I got to follow my volunteer through a day where he went to his office at the Directorate of Health and also watch a class he taught at the university with another volunteer on American Studies. I got to talk with his Albanian counterpart at the Directorate. We talked about educational efforts in areas of drugs, alcohol, sexually transmitted diseases, dental care, breast cancer, diabetes, etc. The only unusual area of concern was thalassemia, a genetic blood disorder seen in some parts of the Mediterranean, apparently including Albania. They have very few resources. Some handouts are donated by various world charity organizations and some are produced locally and photocopied. This conversation occurred in Shqip, so I missed a lot of the nuances. The counterpart really likes Vlora. Apparently it is a plum assignment late in her career. I was also supposed to meet the director of the region, who speaks English very well, but she was away in Tirana, the capital, something I was told was fairly common. I had been looking forward to talking with her.
The class has 160 students registered for it. About half showed up, which I was told was normal. They were noisy, often talking during the class, and cell phones rang frequently. Smaller groups, afterwards, in seminars of about 25 students were more attentive. I was told they rarely read assignments or turn in home work. Classrooms are crowded with students tightly packed on broken benches with scratched-up blackboards in front without other visual aids. I don’t know how they could be accommodated, if everyone showed up. There is also a new building on the campus with new equipment, but our class was in the old building. The usual style of Albanian education is for the teacher to read from a text and the students to take notes. I was told that some teachers supplement their meager incomes by selling grades.
The volunteers’ style, of course, was quite different. They tried to engage the class, and it was clear they succeeded with some. At the seminar, they played a recording of Martin Luther King’s “I have a dream” speech which they had downloaded to one of their laptops. I was asked to say a few words about it since I was a teen at the time and remember it well. I was relieved that the students at the seminar have a good command of English and I did not have to make my comments in Shqip.
I talked about how prejudice is something that we all have that we regard as normal at the time. It is only later that most of us see it as wrong, as mores change. It often takes a leader, an orator, like Dr. King to facilitate that change. Albanians, like many economic migrants, face a lot of prejudice. I hope that the students could relate to the speech.

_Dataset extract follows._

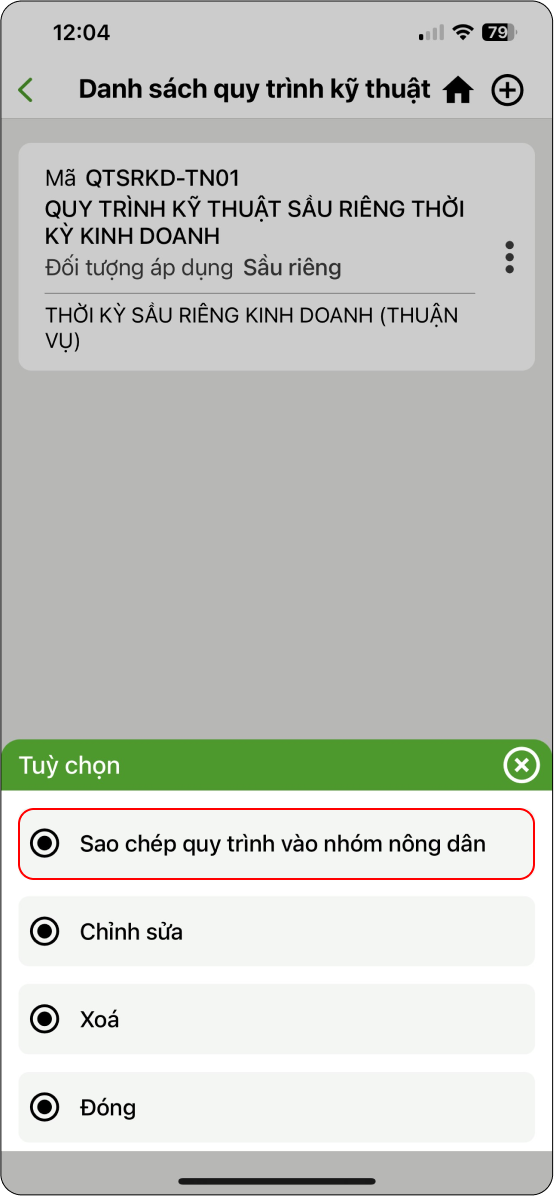 B2: Nhấn vào “dấu 3 chấm” trên quy trình cần sao chép (Hình 1) → Nhấn vào “Sao chép quy trình vào nhóm nông hộ” (Hình 2) → Chọn nhóm cần sao chép quy trình đến (Hình 3).

That night we went to the apartment of another counterpart. Being Albanian, after meeting us briefly the previous afternoon as we walked along the esplanade, they insisted the whole group come for a home cooked seafood dinner. They grilled fresh caught fish from the Adriatic on a hibatchi on their balcony and served it with salad, fruit and bread. We brought the wine. After dinner, over tea and cookies, we played a card game, called “Mafia”. This was taught to us by the volunteers, not by our hosts, by the way, if prejudicial stereotyping led you to another conclusion. The sunset lit up the mountains surrounding the Bay of Vlora.